■ Problem to solve
Print the data that follows word for word, leaving out any picture.

■ Information supplied
+===+

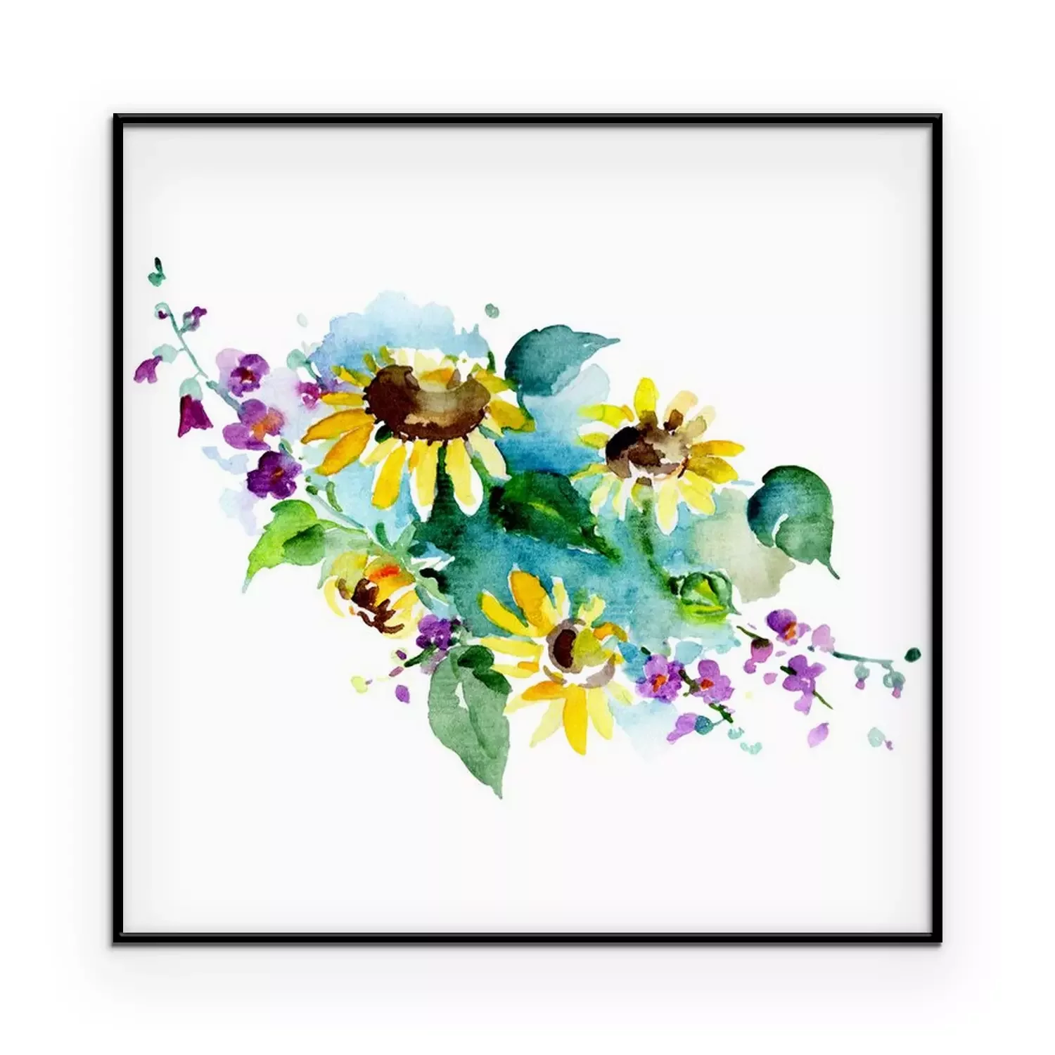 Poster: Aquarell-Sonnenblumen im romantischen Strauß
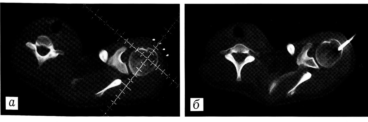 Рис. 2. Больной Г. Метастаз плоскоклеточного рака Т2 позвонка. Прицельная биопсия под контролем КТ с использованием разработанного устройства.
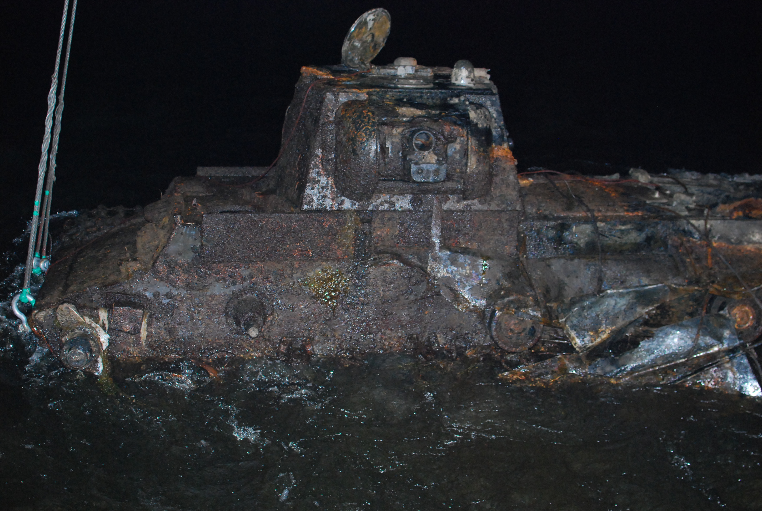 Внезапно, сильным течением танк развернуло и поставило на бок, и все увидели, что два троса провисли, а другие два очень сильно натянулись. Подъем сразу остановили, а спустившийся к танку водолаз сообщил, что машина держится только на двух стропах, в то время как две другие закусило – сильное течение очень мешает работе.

+===+

■ Your response
 Poster: Aquarell-Sonnenblumen im romantischen Strauß
 Рис. 2. Больной Г. Метастаз плоскоклеточного рака Т2 позвонка. Прицельная биопсия под контролем КТ с использованием разработанного устройства.
 Внезапно, сильным течением танк развернуло и поставило на бок, и все увидели, что два троса провисли, а другие два очень сильно натянулись. Подъем сразу остановили, а спустившийся к танку водолаз сообщил, что машина держится только на двух стропах, в то время как две другие закусило – сильное течение очень мешает работе.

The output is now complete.